- Try it -
Using the records below, write out only the lines from the line containing "このカラフルメタルウォールア" up to and including the line containing "Ωστόσο, λίγες ημέρες", exactly, with no pictures.

- Study material -
····················

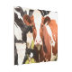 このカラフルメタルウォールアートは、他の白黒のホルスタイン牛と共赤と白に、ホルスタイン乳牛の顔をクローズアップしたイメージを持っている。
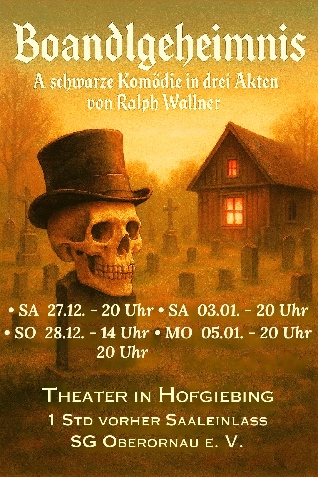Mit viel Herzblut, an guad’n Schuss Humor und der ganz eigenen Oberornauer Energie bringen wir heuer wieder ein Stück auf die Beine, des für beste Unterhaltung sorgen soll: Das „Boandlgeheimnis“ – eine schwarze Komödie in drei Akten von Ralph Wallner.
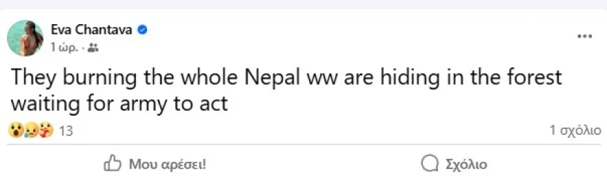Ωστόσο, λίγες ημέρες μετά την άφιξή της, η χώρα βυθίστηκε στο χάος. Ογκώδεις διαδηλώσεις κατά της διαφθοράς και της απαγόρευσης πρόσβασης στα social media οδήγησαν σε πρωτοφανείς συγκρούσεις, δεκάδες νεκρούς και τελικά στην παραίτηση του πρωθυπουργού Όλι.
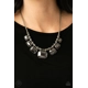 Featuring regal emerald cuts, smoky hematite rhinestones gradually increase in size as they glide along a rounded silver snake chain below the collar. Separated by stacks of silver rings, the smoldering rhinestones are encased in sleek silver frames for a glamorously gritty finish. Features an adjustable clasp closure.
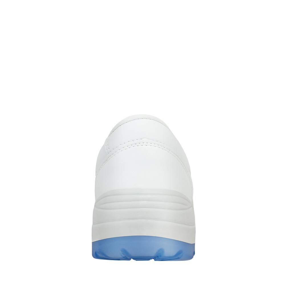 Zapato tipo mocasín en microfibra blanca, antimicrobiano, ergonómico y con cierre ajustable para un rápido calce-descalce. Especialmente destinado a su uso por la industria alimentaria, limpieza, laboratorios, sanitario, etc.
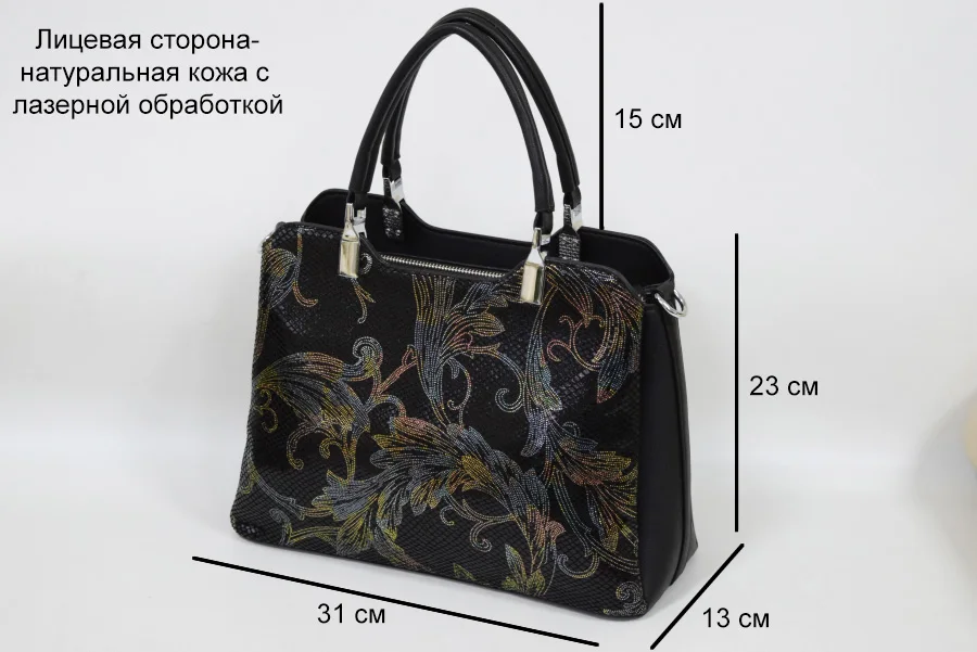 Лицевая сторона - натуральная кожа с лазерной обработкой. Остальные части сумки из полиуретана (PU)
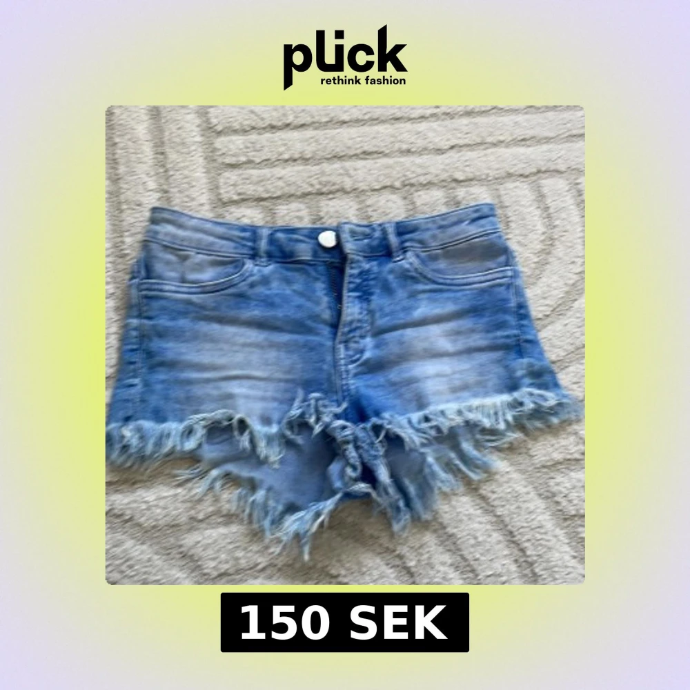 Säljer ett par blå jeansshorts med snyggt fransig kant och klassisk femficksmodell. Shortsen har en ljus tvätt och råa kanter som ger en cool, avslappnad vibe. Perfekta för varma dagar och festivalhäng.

····················

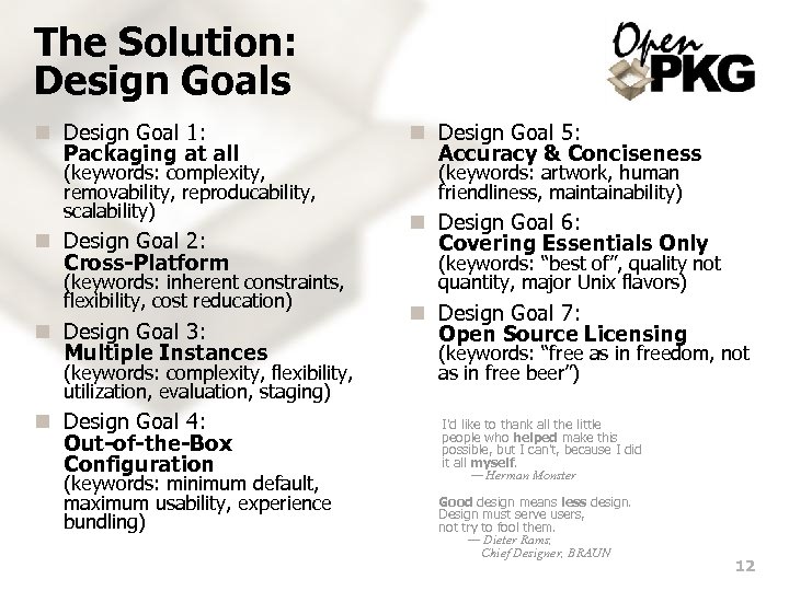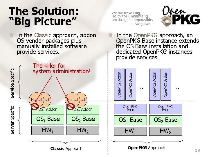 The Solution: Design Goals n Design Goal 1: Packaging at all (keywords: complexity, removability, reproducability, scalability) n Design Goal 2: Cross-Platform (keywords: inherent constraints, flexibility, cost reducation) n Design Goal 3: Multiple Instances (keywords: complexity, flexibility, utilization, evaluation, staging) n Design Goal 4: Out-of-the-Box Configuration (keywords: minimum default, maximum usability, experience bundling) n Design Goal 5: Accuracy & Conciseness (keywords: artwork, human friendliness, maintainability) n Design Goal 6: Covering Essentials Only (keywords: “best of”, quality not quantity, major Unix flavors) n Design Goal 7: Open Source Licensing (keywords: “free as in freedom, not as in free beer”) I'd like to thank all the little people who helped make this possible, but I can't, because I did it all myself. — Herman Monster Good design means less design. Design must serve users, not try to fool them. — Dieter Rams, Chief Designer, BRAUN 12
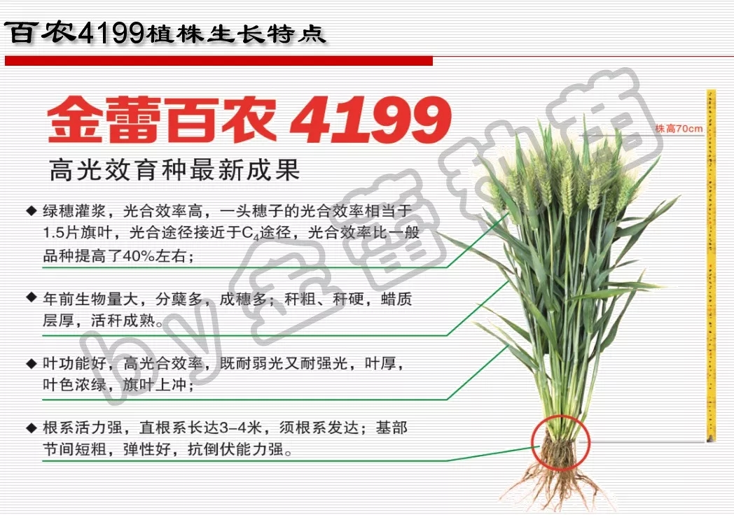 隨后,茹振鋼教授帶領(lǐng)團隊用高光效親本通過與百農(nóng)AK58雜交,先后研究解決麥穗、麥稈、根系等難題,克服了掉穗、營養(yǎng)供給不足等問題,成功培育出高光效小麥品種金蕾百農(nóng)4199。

····················

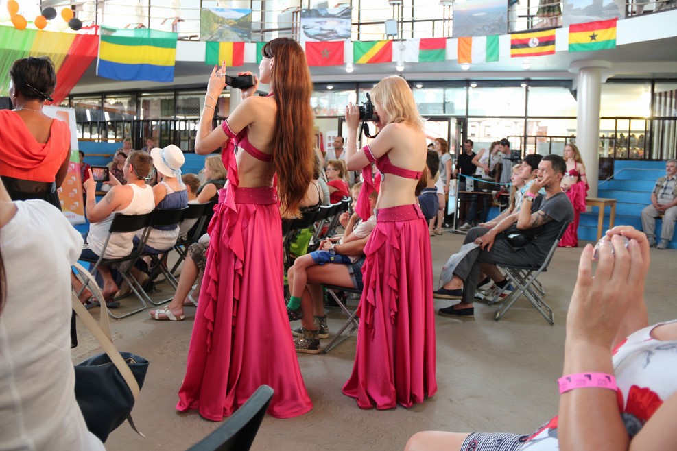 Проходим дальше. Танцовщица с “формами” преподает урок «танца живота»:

····················

- Solution -
 このカラフルメタルウォールアートは、他の白黒のホルスタイン牛と共赤と白に、ホルスタイン乳牛の顔をクローズアップしたイメージを持っている。
Mit viel Herzblut, an guad’n Schuss Humor und der ganz eigenen Oberornauer Energie bringen wir heuer wieder ein Stück auf die Beine, des für beste Unterhaltung sorgen soll: Das „Boandlgeheimnis“ – eine schwarze Komödie in drei Akten von Ralph Wallner.
Ωστόσο, λίγες ημέρες μετά την άφιξή της, η χώρα βυθίστηκε στο χάος. Ογκώδεις διαδηλώσεις κατά της διαφθοράς και της απαγόρευσης πρόσβασης στα social media οδήγησαν σε πρωτοφανείς συγκρούσεις, δεκάδες νεκρούς και τελικά στην παραίτηση του πρωθυπουργού Όλι.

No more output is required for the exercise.